A nation is important because you expand the scope of your passion, involvement, and concern beyond your own likes and dislikes. “Why can’t we think about the whole world?” As a spiritual being, I am not a nationalistic person. I would like to look at every human being and every creature on the planet in the same way – that is how I am. But A nation is the largest piece of humanity that you are able to be committed to right now. When you are committed to this nation and its wellbeing, if not to 7.2 billion people, at least you are committed to 1.2 billion people, which is a great step forward from being committed to your own personal wellbeing.


What makes Bharat a nation


Kiran Bedi: I think in the last ten days (refers to the recent change of government with Narendra Modi as the Prime Minister of India), Hindi has returned much more. We might hear “bharatvasi” (one who lives in Bharat) and “bharatiya” (of or relating to Bharat) much more.


Sadhguru: You are leaving us out – we are from the South.


Kiran Bedi: You learn a little bit of Hindi then.

 No, we won’t.

Why?

Because it is not the sameness that holds us together. We are different people, but we are fine together. That is the nature of this country. That is what has to be encouraged. Don’t try to teach everyone Hindi. Don’t try to teach everyone Tamil. I speak Tamil – you speak Hindi. You eat paratha – I eat idli. I think this is the best thing – you think that is the best thing. Still we have no issues. In the same family, five people can worship five different gods in the same room – no problem.

What is needed to build a successful nation?

A nation will be successful only when people’s aspirations are kept alive. They must see that their life is a possibility. If people lose their aspiration, it is a finished nation. It is important to nurture an aspiration and create the possibility within one’s lifespan. We also need to make people’s aspirations into the nation’s aspirations, and the nation’s aspirations into people’s aspirations.


For example, we have been trading with the rest of the world for over ten thousand years. In Syria and many parts of Arabia, there are stories of Indian traders. Aleppo City, which was one of the most beautiful cities, was at one time built on taxes paid by Indian traders. In Lebanon, there is a temple in Baalbek which is over 4,000 years old. Children in Lebanon schools study that Indian labor, elephants, sculptors and yogis constructed this. It is a massive temple. Some of the foundation stones weigh three hundred tons. Sculptures of lotus flowers are hanging from the ceiling. Obviously, there are no lotuses in Lebanon; it was sculptured by Indians. Every Lebanese child knows this. Has any Indian child heard about it?

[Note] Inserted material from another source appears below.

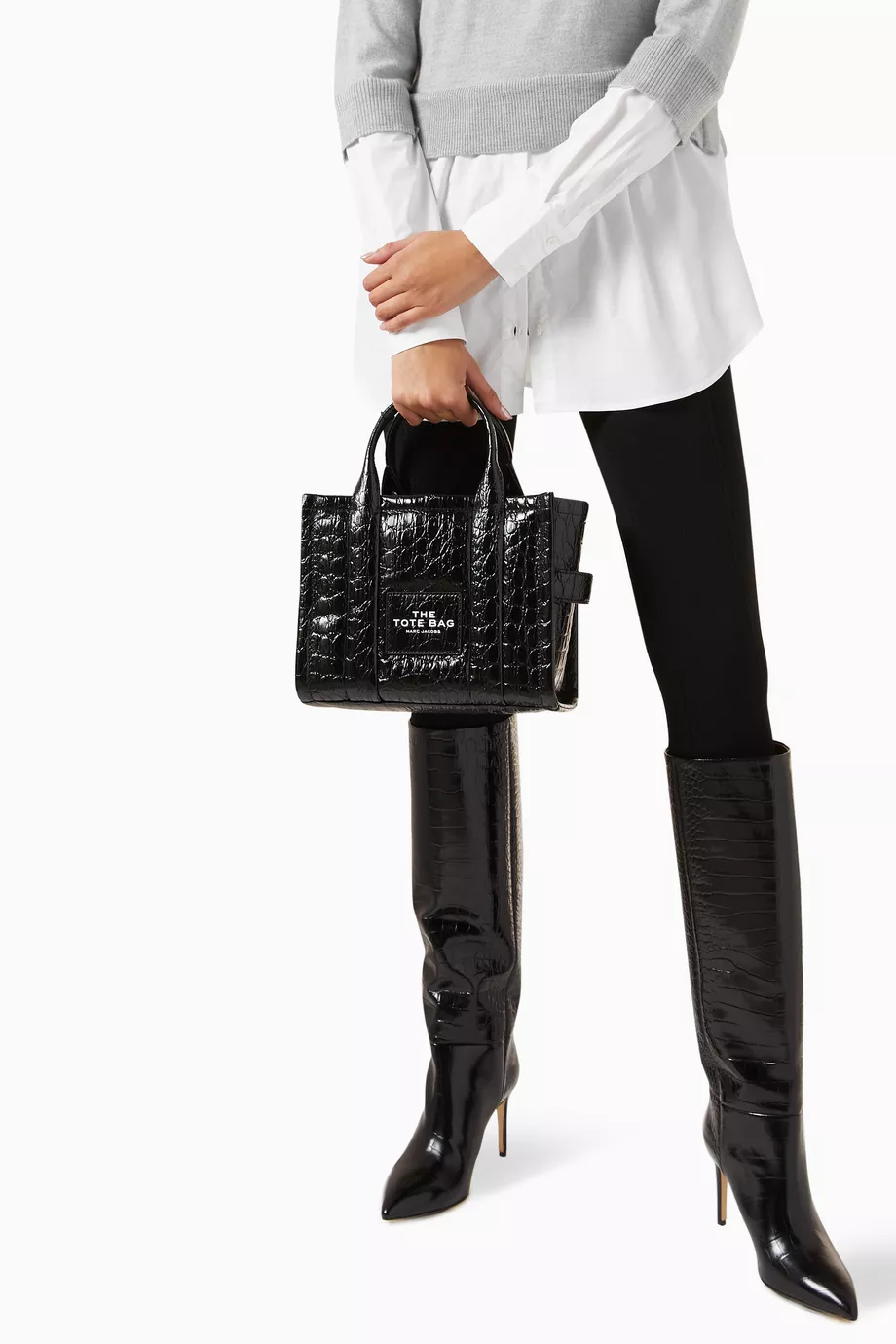 MARC JACOBS The Mini Tote Bag in Croc-embossed Leather – Black
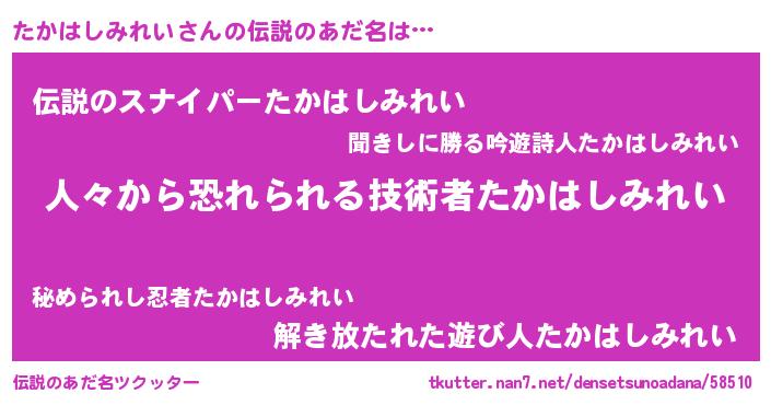 | ヒーロー風カッコイイあだ名 | 『友情の使者たかはしみれい』 |

Over a thousand years ago, Tamil kings went to Cambodia and built Angkor Wat and Angkor Thom. 

If you see the work that has been done there, you will feel proud of being human. 

The Angkor Wat is the largest religious building on the planet. 

Does any Tamil child in Tamil Nadu up to twelfth standard read a line about it in his textbook?

When you don’t feel pride, how do you build a nation? If you are not proud of who you are, why the hell should you stay here?